### WORK REQUIRED
The whole listing below should be retyped exactly, without any images.

### GIVEN MATERIAL
§ §

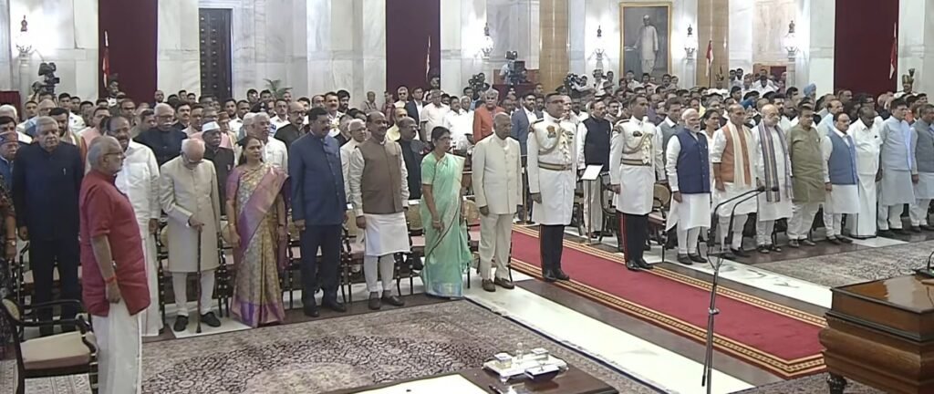 शपथ ग्रहण के बाद प्रधानमंत्री श्री नरेंद्र मोदी तथा सभी केबिनेट मंत्रियों ने उन्हें बधाई दी।
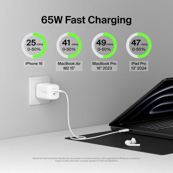 • Belkin BoostCharge Pro 65W Dual USB-C GaN Wall Charger
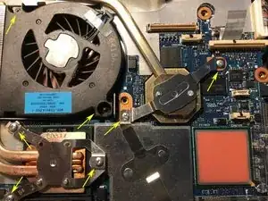 Remove the sheet metal straps holding the copper heat pipes to the chips. See second photo.
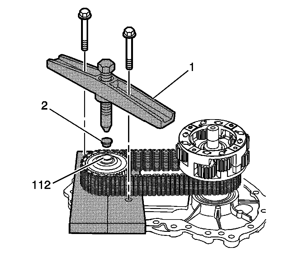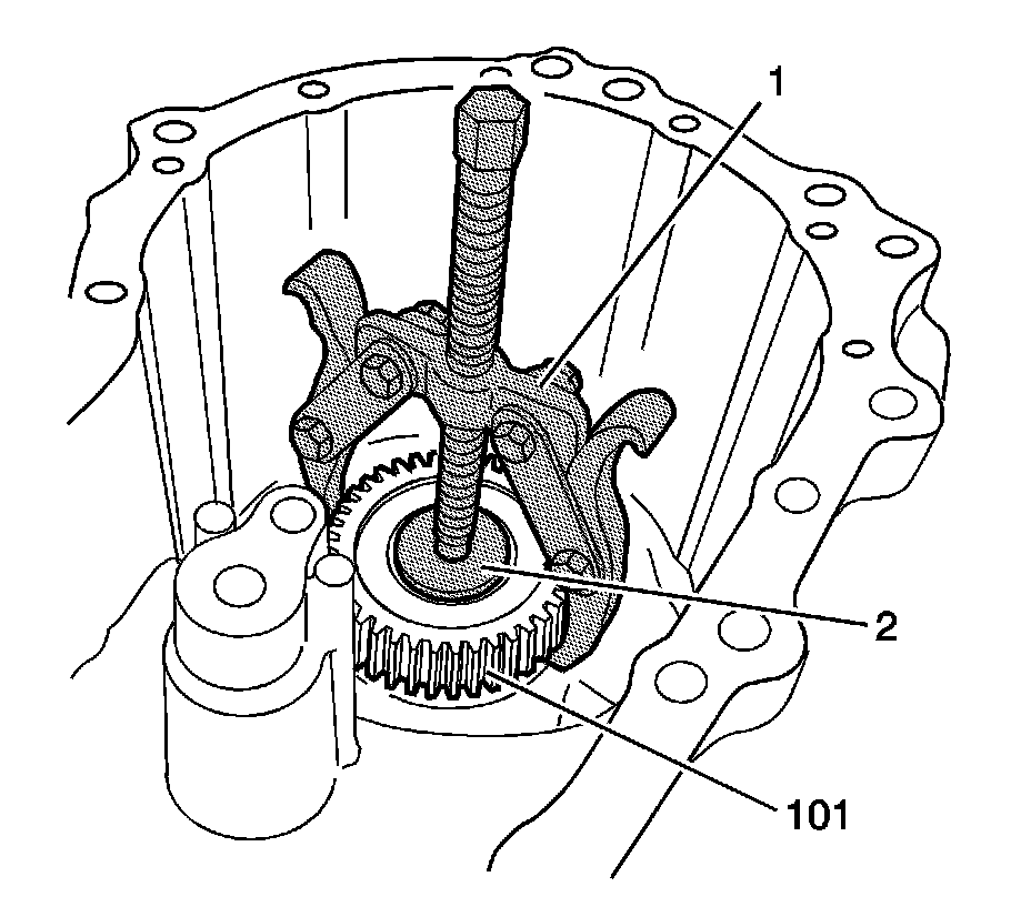 27. Using the J 22888-20A - puller (1) and the J 8107-2 - bearing puller (2), remove the rear sun gear (101) from the rear output shaft.

§ §

### RESULT OF THIS TASK
 शपथ ग्रहण के बाद प्रधानमंत्री श्री नरेंद्र मोदी तथा सभी केबिनेट मंत्रियों ने उन्हें बधाई दी।
 • Belkin BoostCharge Pro 65W Dual USB-C GaN Wall Charger
 Remove the sheet metal straps holding the copper heat pipes to the chips. See second photo.
 27. Using the J 22888-20A - puller (1) and the J 8107-2 - bearing puller (2), remove the rear sun gear (101) from the rear output shaft.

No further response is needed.